Enjoying new people – Don Smith
I like to see new people around. Ive got some new neighbours moved in from London, which Im very happy with. Lets face it, its not right, is it, that in my age group, I should be too critical of all these young people coming in. Im pleased a lot of the new people are getting involved in things, like in the Council, with the Wivenhoe Society, the Sailing Club. Theyve got to find their own levels and settle in, havent they?
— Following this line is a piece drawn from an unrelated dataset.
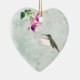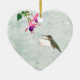 Ruby-throated hummingbirds gather along the Gulf Coast throughout the months of August and September, preparing for their annual migration to their winter home in Mexico. While preparing they seek-nectar filled blooms of plants like the fuschia and trumpet vine to fuel them on their journey. This design features a female ruby-throat approaching a tempting pink and purple fuschia bloom.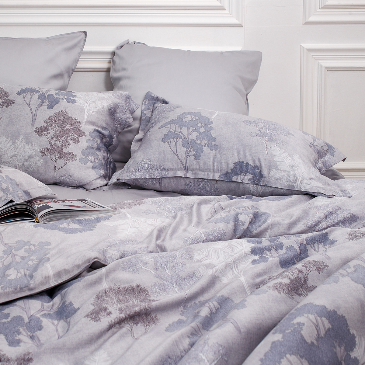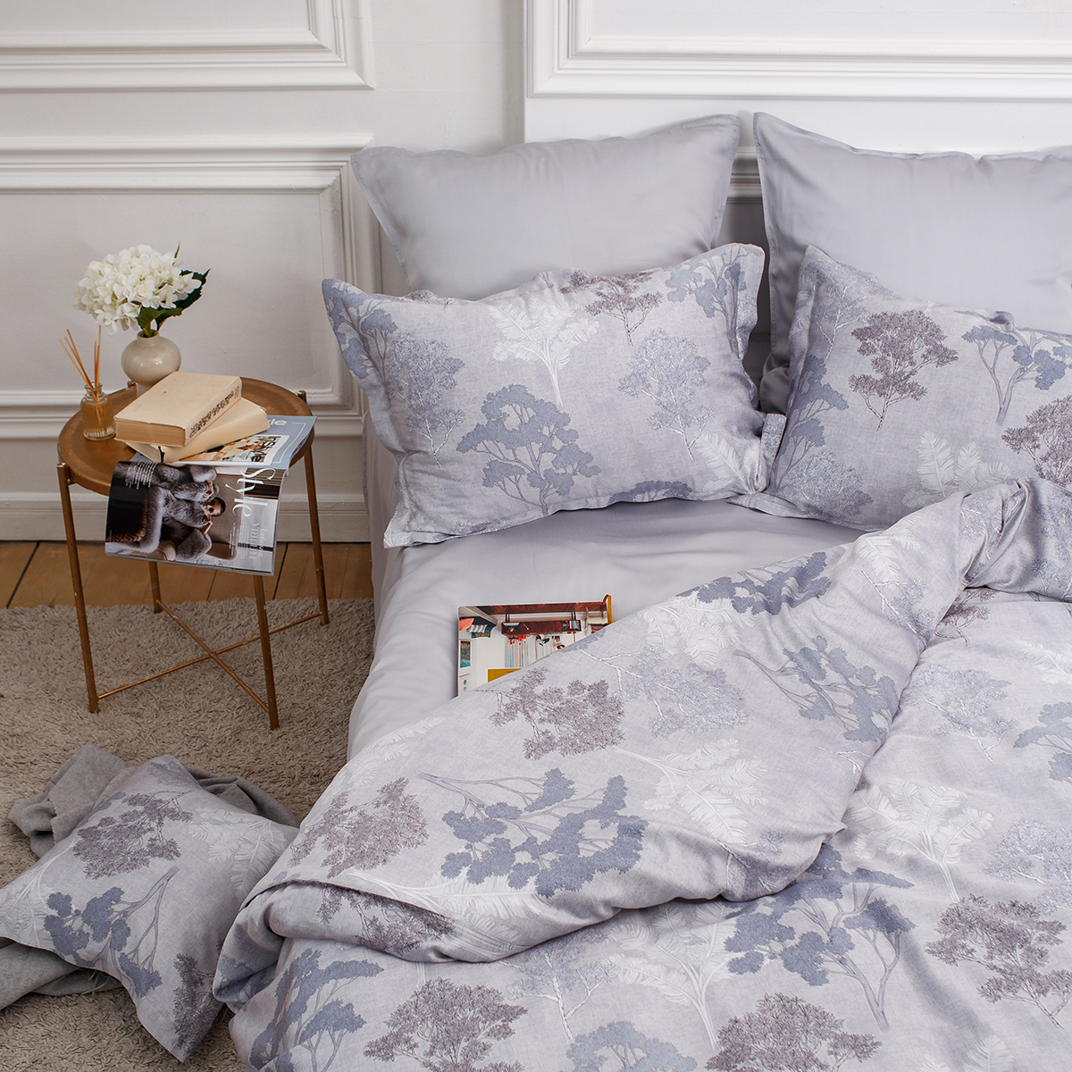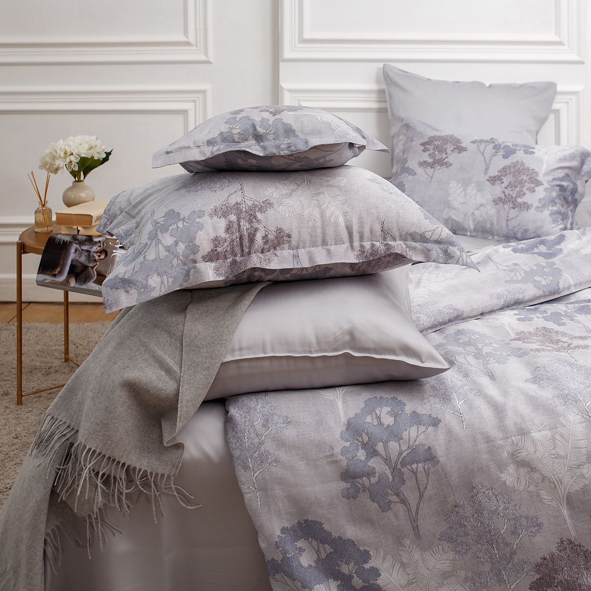 Создавая принт постельного белья Мистери дизайнеры вдохновлялись удивительными и таинственными природными мотивами. Растительный принт один из основных ультрамодных трендов последних сезонов. Утонченный микс холодных оттенков аметиста и спокойный, сдержанный серебристо-серый фон, сочетание более ярких и полупрозрачных фактур придают дизайну особую стильную глубину и загадочность.

Three ten-year-olds’ views today
It has lots of places to play in but it’s very busy and has lots of traffic. The woods are excellent and the field next to where I live is a great place to walk my dog. But some things are not so good like the future skate park on the field. I don’t really like all the houses being built at the Quay. I would love to have lived in the past because children had so much more freedom and no one had to go into town because there were so many more shops. Although I can’t imagine life without a car, TVs, radios and computers.
I like Wivenhoe because it has good parks and woods and it has nice people than help you and you can play anywhere in the woods. A game that we play is manhunt and you can play knock down ginger.
Wivenhoe seems to me as if it’s remote countryside, a village. I love the way the river sparkles as if star dust has been scattered on it by friendly angels. In the summer it’s really nice to go down to the park, and then get some fish and chips by the Quay. It’s amazing to think that great steam train rode past the woods every day! I think it would have been really cool to live when many of our grandparents lived her. It seems so weird that children were allowed to go anywhere they wanted!!! I can’t believe that they got up to much mischief. I’d have loved to see what school was like and meet the dreaded Miss Smith in person!